Mexcala synagelese

Scientific classification
- Kingdom: Animalia
- Phylum: Arthropoda
- Subphylum: Chelicerata
- Class: Arachnida
- Order: Araneae
- Infraorder: Araneomorphae
- Family: Salticidae
- Genus: Mexcala
- Species: M. synagelese
- Binomial name: Mexcala synagelese Wesołowska, 2009

= Mexcala synagelese =

- Authority: Wesołowska, 2009

Species of spider

Mexcala synagelese is a species of jumping spider in the genus Mexcala that lives in Angola, Democratic Republic of the Congo, Ivory Coast, Nigeria and Sudan. The spider was first defined in 2009 by Wanda Wesołowska, one of over 500 that the arachnologist described during her career. It mimics ants and ant-like wasps, living alongside and preying upon them. The spider is medium-sized, with a dark brown carapace between 2.7 and 3.2 mm long and a pale brown to dark brown abdomen between 3.2 and 4.0 mm long. The male has three strips on its abdomen while the female has a more complex pattern of dark bands and light patches. The spider has long thin brown legs. It has good eyesight, which it uses when hunting and also during courtship. The male palpal bulb has a long tibial apophysis, or spike, that curves in towards the bulb. The female epigyne has two shallow depressions and short seminal ducts that lead to long receptacles.

==Taxonomy==
Mexcala synagelese is a jumping spider that was first described by the Polish arachnologist Wanda Wesołowska in 2009, one of over 500 species she identified during her career. She allocated the species to the genus Mexcala, first raised by George and Elizabeth Peckham in 1902, as part of a thorough revision of the genus. The genus was a member of the tribe Heliophaninae alongside Pseudicius and Cosmophasis, which was absorbed into Chrysillini by Wayne Maddison in 2015. The tribe is a member of the clade Saltafresia within the subfamily Salticoida. A year later, in 2016, Jerzy Prószyński allocated the genus to the Heliophanines group of genera, which was named after the genus Heliophanus. The genera share characteristics, including having a rather uniform, mainly dark appearance. The species itself has a name that is derived from another ant-like spider, Synageles.

==Description==
Like all Mexcala spiders, the species is slender and medium-sized. The male has a dark brown carapace that ranges from 2.8 to 3.1 mm in length. It has a black eye field that has brown bristles and black mouthparts. The abdomen is between 3.2 and 3.3 mm long, slightly elongated, and pale brown to dark brown with three black bands crossing the middle. The underside is darker. It has yellowish spinnerets and long thin brown legs that are covered with brown hairs and long spines. The palpal bulb is elongated with the long thin tibial apophysis, or spike, that curves in towards the bulb. The embolus is fixed to the tegulum.

The female is slightly larger than the male, with a carapace that is between 2.7 and 3.2 mm long and an abdomen between 3.4 and 4.0 mm long. The abdomen has a pattern of dark bands and four light patches that is typical of the genus. The underside has a single dark wide streak. The legs are lighter, a yellowish-brown. The remainder of the spider is similar. The epigyne has two shallow depressions. The copulatory openings lead relatively short seminal ducts and long receptacles. The spider is similar to others in the genus. Particularly, the eipigyne is very similar to Mexcala nigrocyanea, although the receptacles are longer.

==Behaviour==
The spider is typical of the genus. Like many jumping spiders, Wesołowska and Tamás Szűts noted that Mexcala spiders mimic ants. Some are particularly similar to members of the Camponotus genus. However, they mainly resemble Mutillidae, species of wasp that have ant-like characteristics. The species particularly resembles the female, which is wingless, in its body proportions. It lives amongst the various different species of ant and anti-like insect that it mimics, and preys upon.

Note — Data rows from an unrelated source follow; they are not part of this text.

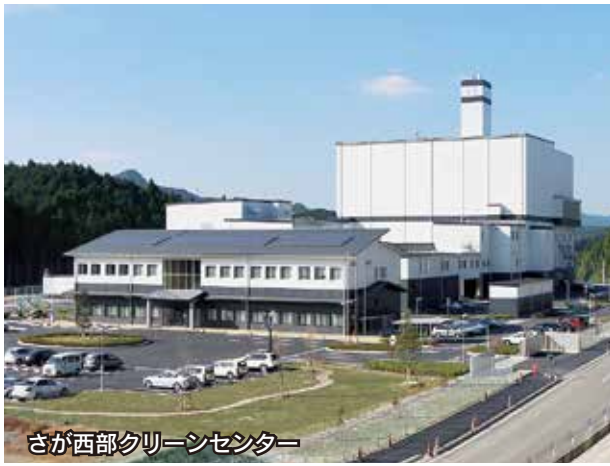
さが西部クリーンセンター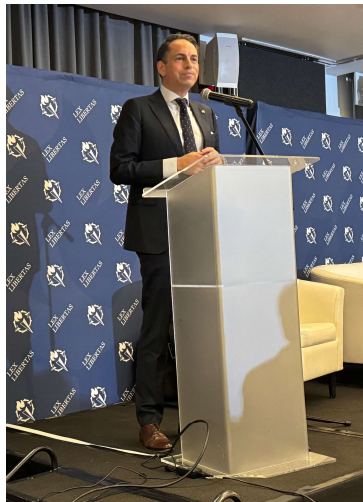
Tom van Grieken van Vlaams Belang aan die woord.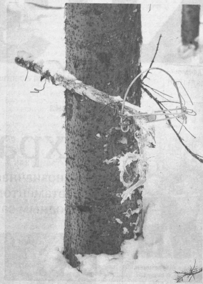
Охотничий сезон закрыт, а капкан еще стоит.

– Положение об охранной зоне заповедника было утверждено в 90-е годы, в то время всё решалось на местном законодательном уровне. Да, там прописано, что мы должны выдавать разрешения на охоту после согласования с админист-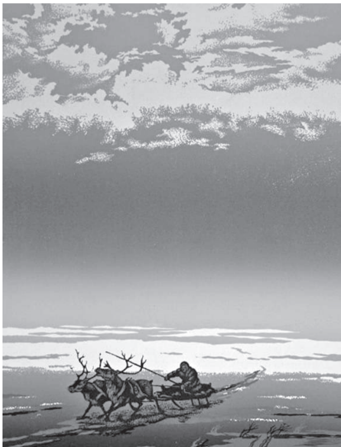
«К далекому другу»

Открытие выставочного зала стало возможным благодаря участию в краевом конкурсе на реализацию социокультурных проектов учреждениями культуры. В начале 2018 года наш проект «Певец Севера» был признан одним из победителей, и музеем из краевого бюджета предоставлена субсидия в размере более трехсот двадцати тысяч рублей.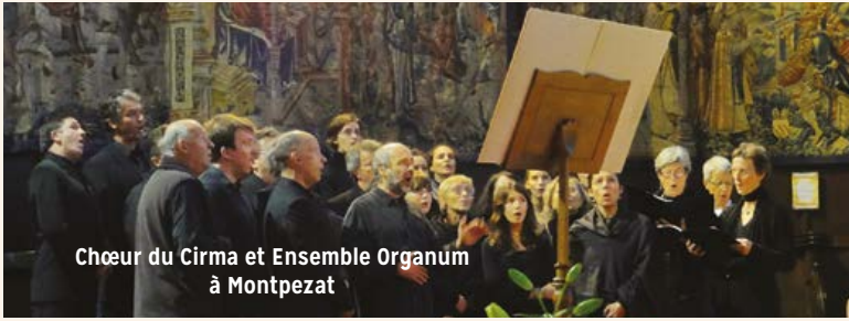
Chœur du Cirma et Ensemble Organum à Montpezat

Du samedi 27 OCTOBRE au vendredi 2 NOVEMBRE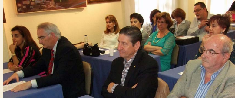
Profesionales de la enfermería de Jaén en el Día de la Matrona, el pasado mes de mayo

Durante todo el mes de agosto y las tres últimas semanas de julio (la primera trabajaron tres enfermeras especialistas), dos matronas han atendido a las usuarias de los centros de salud de Jaén capital y de las localidades de Los Villares, Valdepeñas de Jaén y Mancha Real. Ante esta situación, desde la institución colegial solicitan al Servicio Andalu-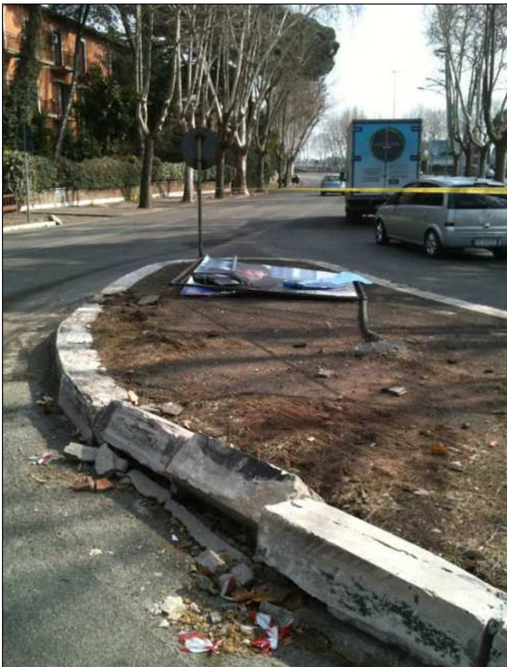
Svincolo tra via Marco Polo e via Odoardo Beccari (5 marzo 2012)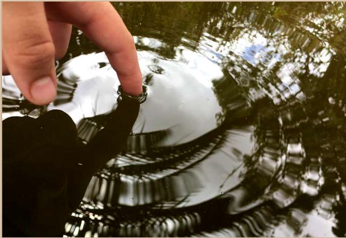
Centro de Pedagogía Curativa y Terapia Social San Juan.

Nuestras puertas se abren a los más pequeños con la ilusión de crear espacios y oportunidades que preserven lo más preciado que tenemos, el germen de la humanidad, el germen que hará posible la sana convivencia, el trabajo del encuentro con unos y otros, sumando desde las diferencias y similitudes, aprendiendo de las relaciones, con confianza plena en el buen hacer. Aprendiendo cada día de estas nuevas experiencias que se generan, con la visión que nos lleve hacia la evolución individual y personal, promoviendo el pensamiento crítico, los actos nobles y el amor presente en cada detalle, donde se cree el espacio para reconocer al yo, al tú y descubrir un nosotros. Generando el contacto con lo auténtico que nos regala la tierra desde el reconocimiento, respeto y compromiso.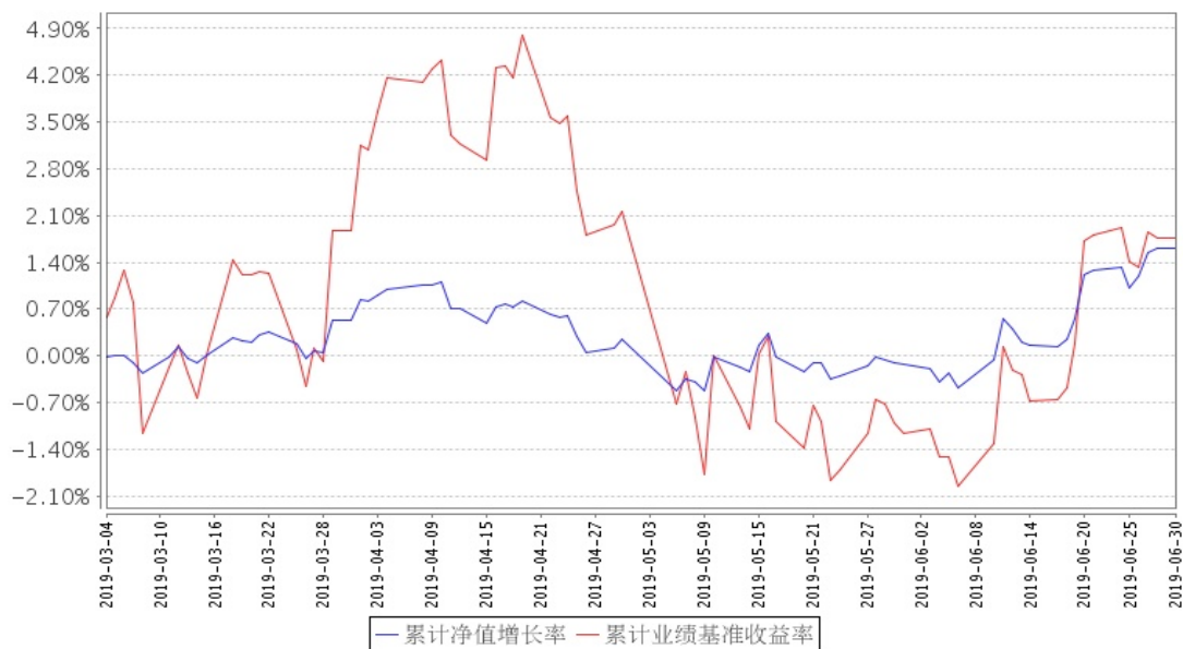
招商安元混合A累计净值增长率与同期业绩比较基准收益率的历史走势对比图

Like other jumping spiders, it is mainly a diurnal hunter that uses its good eyesight to spot its prey. It attacks from the front and captures its prey behind the head. The chelicerae have short thick spines on them which may be used for digging holes to act as underground hiding places. It uses visual displays during courtship and transmits vibratory signals through silk to communicate to other spiders.

==Distribution==
Mexcala spiders can be found across Africa and the Arabian peninsula. Mexcala synagelese lives in Angola, Democratic Republic of the Congo, Ivory Coast, Nigeria and Sudan. The holotype comes from Angola. The first example from the Congo was a female found near Likasi in 1956. In 1962, a male was identified near Khartoum in Sudan, other examples of both the female and the male of the species being found in the local area over the ensuing years. The first examples in Ivory Coast were discovered near Touba in 1966 and Kossou in 1972. The first examples from Nigeria were also first collected in 1972, near Ibadan. It was subsequently found in other parts of the now-dissolved Western State, including in what is now Ondo State.